Our ability to compete successfully in the rapidly evolving camera markets depends on several factors, including:  

 

the design and manufacturing of new solutions, including software, that anticipate the video processing and integration needs of our customers’ next-generation products and applications;

 

performance of our computer vision solutions, as measured by convolutional neural network performance, video and still picture image quality, resolution and frame processing rates;

 

power consumption efficiency of our solutions;

 

the ease of implementation of our products by customers;

 

the strength of our customer relationships;

 

the selection of the foundry process technology and architecture tradeoffs to meet customers’ product requirements in a timely manner;

 

reputation and reliability;

 

customer support; and

 

the cost of the total solution.

We believe we compete favorably with respect to these factors, particularly because our solutions typically provide high-performance and low power consumption video, CNN performance, efficient integration of our advanced algorithms, exceptional storage and transmission efficiencies at lower power, highly-integrated SoC solutions based on a scalable platform, and comprehensive and flexible software.

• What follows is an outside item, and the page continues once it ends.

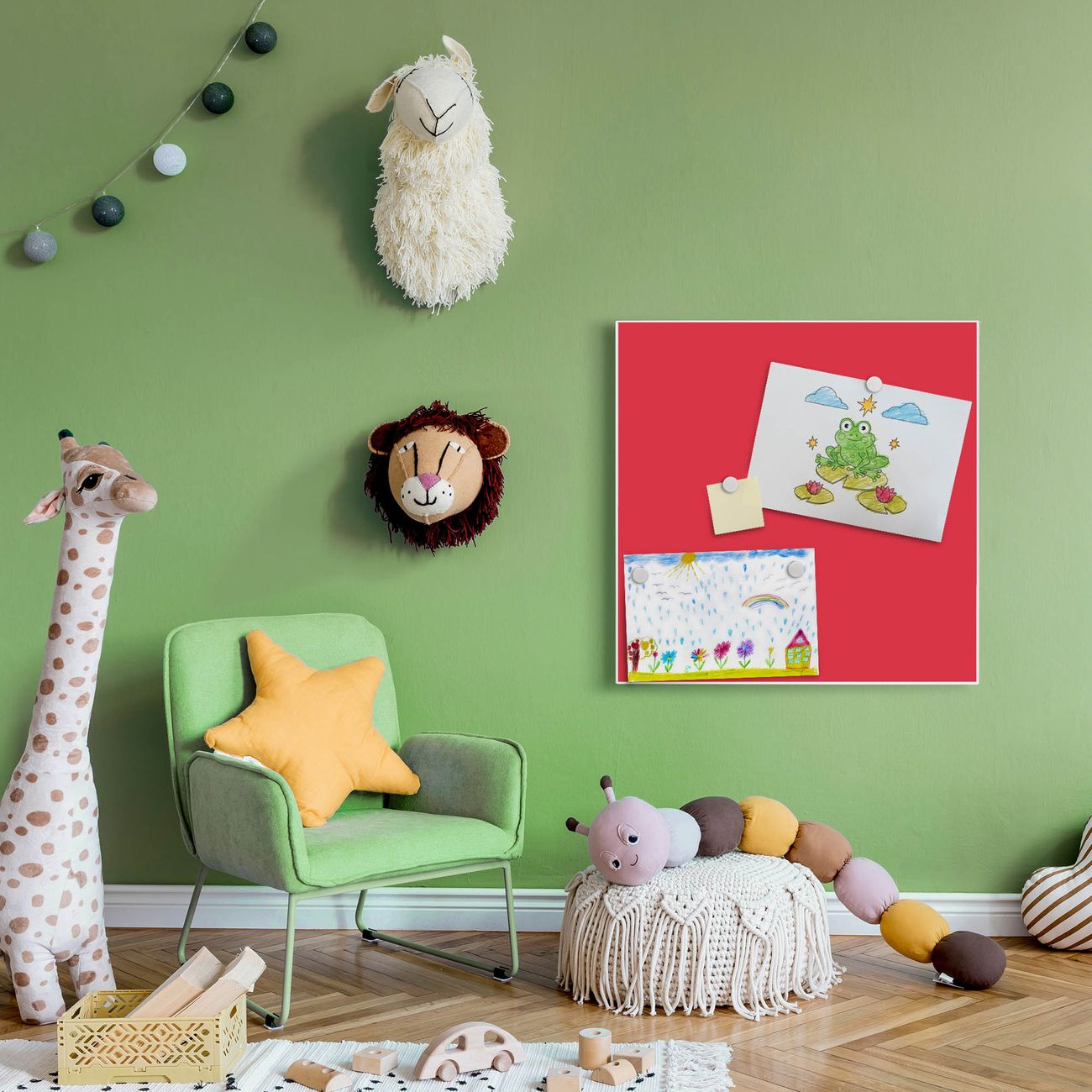 Die banjado Design Magnettafel mit Motiv Farbe Feuerrot bringt Ordnung in Ihr Zettelchaos. Fotos, Termine, Notizen oder Rezepte lassen Sich hier stilvoll mit Magneten ordnen, Sie behalten alles im Blick. An der Pinnwand halten alle handelsüblichen Magnete. Mit dieser Pinnwand aus Metall haben Sie auch ohne Notizen und Magnete ein schönes Dekoelement. Das Quadratische Format bietet Ihnen ausreichend Platz um alle wichtigen Informationen im Blick zu behalten.

We cannot ensure, however, that our solutions will continue to compete favorably or that we will be successful in the face of increasing competition from new products introduced by existing or new competitors.

Intellectual Property  

We rely on a combination of intellectual property rights, including patents, trade secrets, copyrights and trademarks, and contractual protections, to protect our core technology and intellectual property. As of January 31, 2022, we had 266 issued patents in the United States, 99 of which were continuation or divisional patents, 10 issued patents in Europe, 7 issued patents in China, 6 issued patents in Japan and 80 pending patent applications in the United States. The issued patents in the United States expire beginning in 2024 through 2040. Many of our issued patents and pending patent applications relate to image and video processing and HD video compression, AI processing, system level camera, and radar perception applications spanning multiple market segments.  

We may not receive competitive advantages from any rights granted under our patents, and our patent applications may not result in the issuance of any new patents. In addition, any patent we hold may be opposed, contested, circumvented, designed around by a third party or found to be unenforceable or invalidated. Others may develop technologies that are similar or superior to our proprietary technologies, duplicate our proprietary technologies or design around patents owned or licensed by us.

In addition to our own intellectual property, we also use third-party licenses for certain technologies embedded in our SoC solutions. These are typically non-exclusive contracts provided under royalty-accruing or paid-up licenses. These licenses are generally perpetual or automatically renewed for so long as we continue to pay any maintenance fees that may be due. To date, maintenance fees have not constituted a significant portion of our capital expenditures. While we do not believe our business is dependent to any significant degree on any individual third-party license, we expect to continue to use and may license additional third-party technology for our solutions.

We generally control access to and use of our confidential information through employing internal and external controls, including contractual protections with employees, contractors and customers. We rely in part on U.S. and international copyright laws to protect our mask work. All employees and consultants are required to execute confidentiality agreements in connection with their employment and consulting relationships with us. We also require them to agree to disclose and assign to us all inventions conceived or made in connection with the employment or consulting relationship.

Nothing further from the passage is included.